A entidade alertou que a aprovação do projeto pode impedir desenvolvimento de novos projetos, como “expansão do atendimento em tempo integral, provisão de carga suplementar de trabalho docente para atividades de recuperação de aprendizagem, organização de equipes de psicólogos escolares e programas de formação de educadores”.
A Undime afirmou que haverá consequências nas políticas de equidade nas despesas educacionais, revertendo os “efeitos das recentes conquistas na educação básica pública”.
Coordenadora da Campanha Nacional Direito à Educação, Andressa Pellanda diz que a aprovação do Fundeb foi “a principal conquista para o direito à educação em décadas”.
“O Congresso precisa manter seu compromisso assumido constitucionalmente, precisa ser coerente e isso significa não aprovar esse retrocesso “, afirmou.
Presidente da Associação Nacional de Pesquisa em Financiamento da Educação, Nelson Cardoso afirma esperar que governadores e prefeitos contestem o PLP. O secretário estadual do Paraná, Renato Feder, estimou perdas de R$ 6,3 bilhões para o estado e pediu que o Senado rejeite a o teto do ICMS. Para Cardoso, o projeto é “mais um reflexo do caos” da gestão na educação brasileira.
“Qualquer redução no Fundeb causaria transtorno, porque o que tem hoje já não é o suficiente.
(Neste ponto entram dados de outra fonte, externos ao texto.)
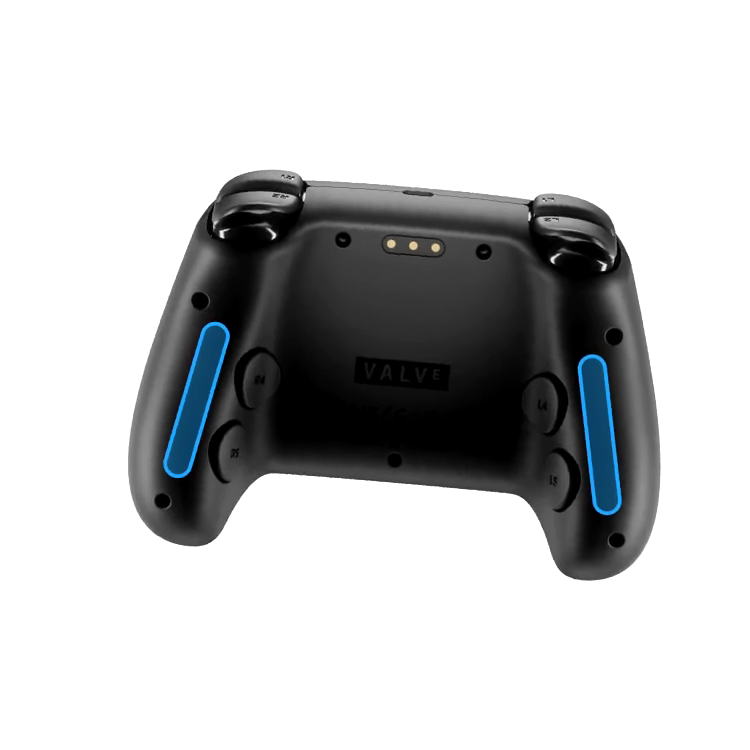• Grip Buttons – patru butoane programabile sunt incluse pe partea din spate a noului Steam Controller: utilizatorul poate decide cum să le folosească, păstrând în același timp degetele mari pe trackpad-uri sau pe stick-urile analogice.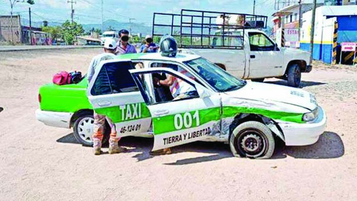La unidad de transporte público tenía averiada la salpicadera derecha y reventada la llanta delantera del mismo lado, junto a este vehículo estaba en una camioneta Ford de color blanco que tenía daños en la parte frontal izquierda. Los elementos de la Guardia Nacional se encargaron de lo sucedido. EL ORBE / Rafael Jiménez / Corresponsal

Precisaríamos aumentar os recursos, não diminuir. Muito o que se conquistou na aprovação do novo Fundeb acabaria indo para o ralo, se essa aprovação acontecer”, diz.
Pesquisador do Ipea e professor da Escola de Políticas Públicas da FGV, Paulo Meyer Nascimento destacou que municípios e estados com menor poder de arrecadação, hoje mais dependentes do Fundeb, serão os mais prejudicados.
“Muitas vezes, as prefeituras só têm os recursos do Fundeb, então não conseguiriam compensar com outras fontes”, afirmou o especialista, que lamentou a escolha política de se privilegiar subsídios a combustíveis fósseis em detrimento de investimentos sociais.
“Estão trocando a educação das nossas crianças por gasolina mais barata. Por mais que preço de gasolina impacte em outros setores, é preciso deixar claro a escolha que está sendo feita. Por mais que decidam subsidiar o preço do combustível, haveria formas mais inteligentes para isso”, conclui.